This commands takes as input a GFF file, one or more blast output files and a
file with all mappings from GIDs to taxonomy IDs. More information on how to
get the file can be read in the documentation of the function
mgkit.io.blast.parse_gi_taxa_table()
.
The fasta sequences used with BLAST must have as name the uid of the
annotations they refer to, and one way to obtain these sequences is to use the
function mgkit.io.gff.extract_nuc_seqs()
and save them to a fasta file.
Another options is to use the sequence command of the get-gff-info script
(get-gff-info - Extract informations to GFF annotations).
The command accept a minimum bitscore to accept an hit and the taxon ID is selected by default using top hit method, but LCA can be used, using the -l switch.
Top Hit¶
The best hit is selected from all those found for a sequence which has the maximum bitscore and identity, with the bitscore having the highest priority.
LCA Taxon¶
Activated with the -l switch, it selects the last common ancestor of all taxon IDs that are from the cellular organism root in the taxonomy and are within a 10 bits (by default, can be customised with -a) from the hit with the highest bitscore.
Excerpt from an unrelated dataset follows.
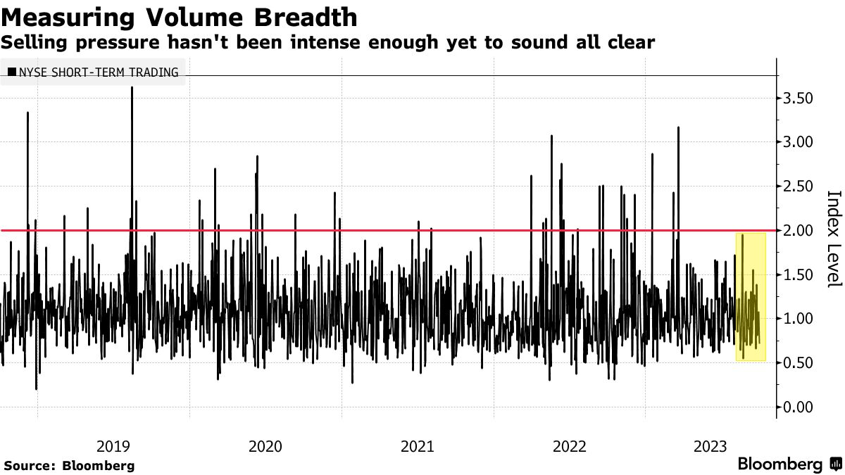 当股价下跌得如此之快、如此之远,以至于几乎没有再下跌的空间时,图表观察家就会认为股票已经超卖。但要确认最近的市场阵痛已经过去,还需要广度和成交量等技术信号的进一步改善。标普500指数中约有35%的股票在200日均线以上交易。奥本海默公司(Oppenheimer)高级分析师Ari Wald表示,通常情况下,这一数字需要降至20%以下,交易者才会认为股市已经投降。

If a taxon ID is not found in the taxonomy, it is excluded. One of the requirements of this option is a file that contains the full taxonomy from Uniprot/NCBI. The file can be obtained with the following command:
$ download_data -x -p -m your@email
The command will output a taxonomy.pickle file that can be passed to the -x option download-data - Download Taxonomy from NCBI.
Coverage Command¶
Adds coverage information from BAM alignment files to a GFF file, using the
function mgkit.align.add_coverage_info()
, the user needs to supply for
each sample a BAM file, using the -a option, whose parameter is in the form
sample,samplealg.bam. More samples can be supplied adding more -a
arguments.
Hint
As an example, to add coverage for sample1, sample2 the command line is:
add-gff-info coverage -a sample1,sample1.bam -a sample2,sample2.bam \
inputgff outputgff
A total coverage for the annotation is also calculated and stored in the cov attribute, while each sample coverage is stored into sample_cov as per MGKit GFF Specifications.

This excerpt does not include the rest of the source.